Jacob Kaplan-Moss wrote:
> On Sat, May 17, 2008 at 11:30 PM, James Bennett <[EMAIL PROTECTED]> wrote:
>> The impression I get is that a lot of people rely on silent *variable*
>> failure, but very few rely on silent *tag* failure. In fact, most
>> real-world custom template tags I've seen are wired up to raise errors
>> quite loudly, and the few times I've tried to write tags which fail
>> silently it's been a laborious process that results in much more
>> brittle code.
> 
> Well said. I can't see making ``{{ foo.bar.baz }}`` fail loudly --
> it's just too big a change. It especially sucks when ``foo`` or
> ``bar`` is a dynamically-constructed dictionary with variable keys.

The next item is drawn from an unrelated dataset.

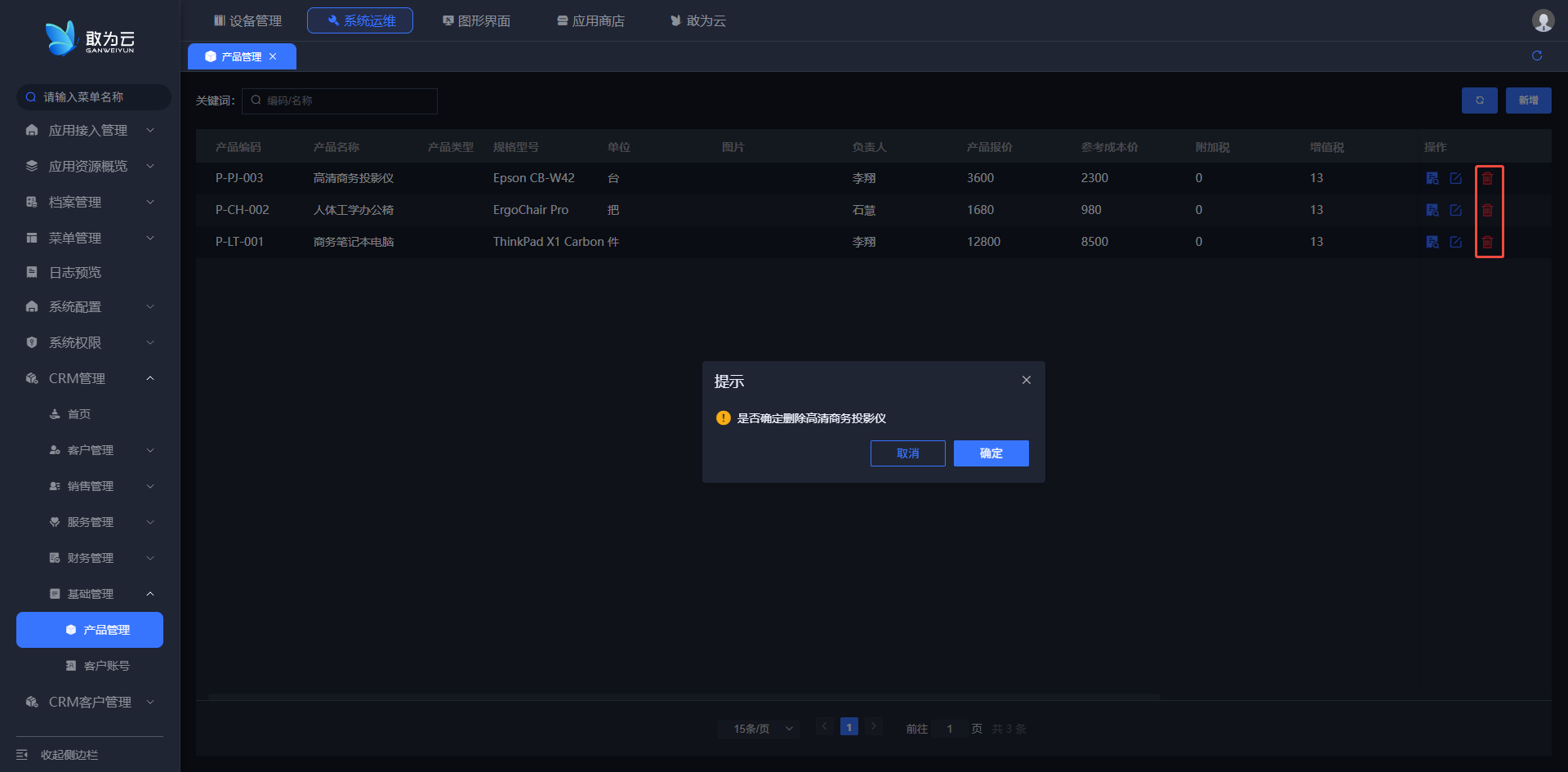 - 在 「产品管理」 列表中找到需要删除的产品记录;

Yes, probably too big a change to make ``{{ foo.bar.baz }}`` fail loudly 
at this point (even though there are things like the default filter and 
the firstof tag that could facilitate such a change).

I would, however, be in favor for making the exception-catching a bit 
smarter here so that we don't suppress exceptions raised by a called 
method.  For example, I'm ok with:

{{ foo.calculate_number }}

failing silently if no calculate_number attribute/method exists for foo, 
but if calculate_number is a method and happens to raise an exception 
when called, I want that to bubble up and fail loudly.  Otherwise, 
hunting down the error becomes more of a chore.  Besides, the motivation 
behind the silent behavior seems to be more for missing attributes.

> I think taking a close look at built-in *tags*, though, is a good idea
> -- in general, tags should fail loudly. There are exceptions, of
> course; ``{% if dict.somekey %}`` is a common idiom which translates
> to something like ``if dict.has_key('somekey') and dict.somekey`` --
> this is good.

I also agree that, in many instances, tags should fail loudly, and that 
these types of failures need to be looked at on a tag by tag basis.  The 
question then becomes, do we want to always raise these exceptions or do 
we want to only raise them if settings.TEMPLATE_DEBUG is True?